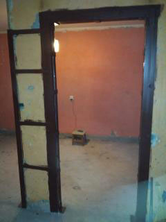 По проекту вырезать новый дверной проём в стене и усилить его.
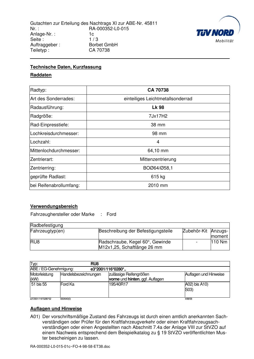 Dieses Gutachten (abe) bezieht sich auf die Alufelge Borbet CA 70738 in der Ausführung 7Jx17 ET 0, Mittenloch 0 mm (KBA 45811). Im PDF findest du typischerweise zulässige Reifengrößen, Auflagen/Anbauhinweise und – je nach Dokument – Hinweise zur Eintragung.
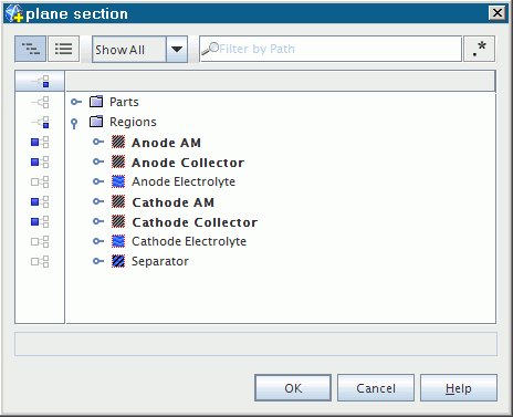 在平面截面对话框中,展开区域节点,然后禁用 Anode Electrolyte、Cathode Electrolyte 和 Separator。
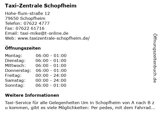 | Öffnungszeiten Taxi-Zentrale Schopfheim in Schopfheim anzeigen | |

++++++++++

* _WORK TO BE COMPLETED_: All the lines above should be reproduced exactly, and none of the pictures.

* _EXERCISE OUTPUT_:
 По проекту вырезать новый дверной проём в стене и усилить его.
 Dieses Gutachten (abe) bezieht sich auf die Alufelge Borbet CA 70738 in der Ausführung 7Jx17 ET 0, Mittenloch 0 mm (KBA 45811). Im PDF findest du typischerweise zulässige Reifengrößen, Auflagen/Anbauhinweise und – je nach Dokument – Hinweise zur Eintragung.
 在平面截面对话框中,展开区域节点,然后禁用 Anode Electrolyte、Cathode Electrolyte 和 Separator。
 | Öffnungszeiten Taxi-Zentrale Schopfheim in Schopfheim anzeigen | |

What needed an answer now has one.